Understanding the affect comes from being able to decode the written and unwritten messages in the music. In baroque music the printed or written score contains only the bare bones of the information and performers were expected to add nuance, ornamentation and phrasing/articulation to reinforce the affect.



An understanding of harmony is crucial in producing a convincing performance. Not only does the harmony underpin the formal structure of the piece but it also creates the tension/release that gives the music its expressive shape. Some questions to ask are:

  1. Tempo: In choosing the appropriate tempo look at any tempo or expressive instructions (with the caveat that they might mean something different to their meaning nowadays!) and then at the 'harmonic rhythm'. How many harmony events are there in the bar/phrase? Then the figuration in the melody, especially when working out how fast something should go.
  2. Emphasis: where are the dissonances and consonances? Where is the top of the phrase?
  3. Direction: where is the bass-line heading to? Tension and release of a phrase.

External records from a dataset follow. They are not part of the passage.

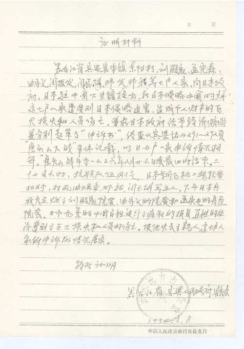 Seven households of Liu Diankui, Meng Xiansen, Qu Shouyi, Min Zhenfa, Min Yuhu, Deng Fa, and Deng Fu in Heilongjiang Province Bin County Bin’an Town Dongyang Village, toward the Japanese government, and the Japanese Embassy in China, during the Japanese invasion into China, these seven households suffered persecution from the Japanese invaders, which resulted in huge loss of personal property and human casualty. We demand the Japanese government to give economic compensation for which we have respectively drafted “Letter of Petition”, upon search of Page 291-292 “Hutoushan Battle” incident records in “Bin County Annals”, the facts tally with the claim details filed by the above seven households. “Hutoushan battle was concluded at 4 o’clock in the early morning of August 26, 1936, at 6′ o’clock on August 27, immediately after the Anti-Japanese United Army left, two Japanese military aircrafts sprayed bullets with machine guns, killed five persons including Qu Huanzhang, Dengfu, and Min Yuhu, in the afternoon the Japanese soldiers set fire to Liu Diankui’s compound, Qu Shouyi’s compound and house compounds in Mengjiatun, and executed frantic retaliation toward innocent Chinese civilians, the people suffered huge loss in livelihood and human casualty. He lost his endeared ones, the facts stated by these seven households are true.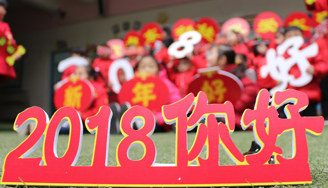 2018年元旦临近,四川省内江市东兴区机关幼儿园的孩子们喜气洋洋迎接新年到来。孩子们在老师的带领下,以了解新年习俗、造型走秀等方式,体验新年来临的喜庆气氛。唐明润 摄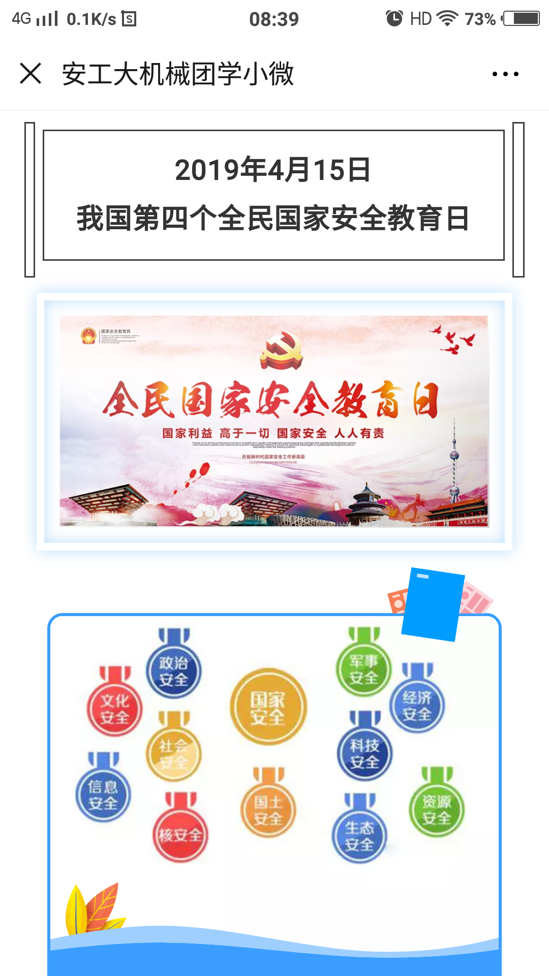 为深入学习贯彻习近平新时代中国特色社会主义思想,坚持总体国家安全观,着力防范化解重大风险,喜迎中华人民共和国成立70周年。4月11日—4月15日期间,机械工程公司开展了国家安全教育日系列活动。

In music that was often consciously or unconsciously informed by dance, hierarchy in the bar is extremely important. Composers and performers would have known how a courante differed from a bourrée and would have adjusted the accents accordingly. Although specific rules differed from country to country some general rules are:

  1. Each strong beat to be played with a down bow. So 1st and 3rd beats in a 4/4 bar and 1st beat in a 3/4 bar.
  2. A dissonance in a suspension should be played with a down bow.
  3. The strong beat of a syncopation should be played with a down bow – often meaning a fast retake.
  4. Weak beats and upbeats to be played up bow. So in a minuet for example, usually down up up, down up up.



Thoughtful articulation is vital to baroque style. Non-informed performance tends to be much more legato and have less shape (partly to do with the bow)

  1. Notes adjacent to each other to be played smoothly and notes further apart (i.e. separated by intervals) to be played with a lifted stroke and more energetically. The further apart the shorter they get, unless overruled by the affect.
  2. Slurs: always imply a diminuendo
  3. Syncopations: an anticipation of a strong beat so the note prior to the syncop would be short long.
  4. In any passage with sequence or repetition, vary shape, dynamics, articulation and add ornamentation perhaps.
  5. Find textural and dynamic contrasts based on register, repetition, etc



Ornamentation was integral to musical understanding in the baroque period and players were expected to know where to add it. There are some basic rules:

  1. Ornamentation adds to the affect and should not upset the mood or overcomplicate the texture
  2. You should still be able to hear the underlying melody despite the added notes.
  3. Trills are de rigueur and always appear at cadences. They pretty much always start on the upper note.
  4. You can add appoggiaturas to trills – the longer the more expressive.
  5. Good ornamentation is always based on a thorough understanding of harmony. See above.
  6. Vibrato is an ornament in music of the baroque. Use it as a colour and NOT as pepper shaken indiscriminately over the whole meal!


There is no substitute to listening in order to achieve a working stylistic understanding. Reading about the theory, listening to it in action and then putting it in practice is not only instructive but really good fun. Remember, despite all the writing and the recordings, there is no right and wrong. There is no such thing as truly ‘authentic’ because we simply don’t know what they actually sounded like. In my opinion the best thing we can aspire to is to be informed, thinking and open-minded.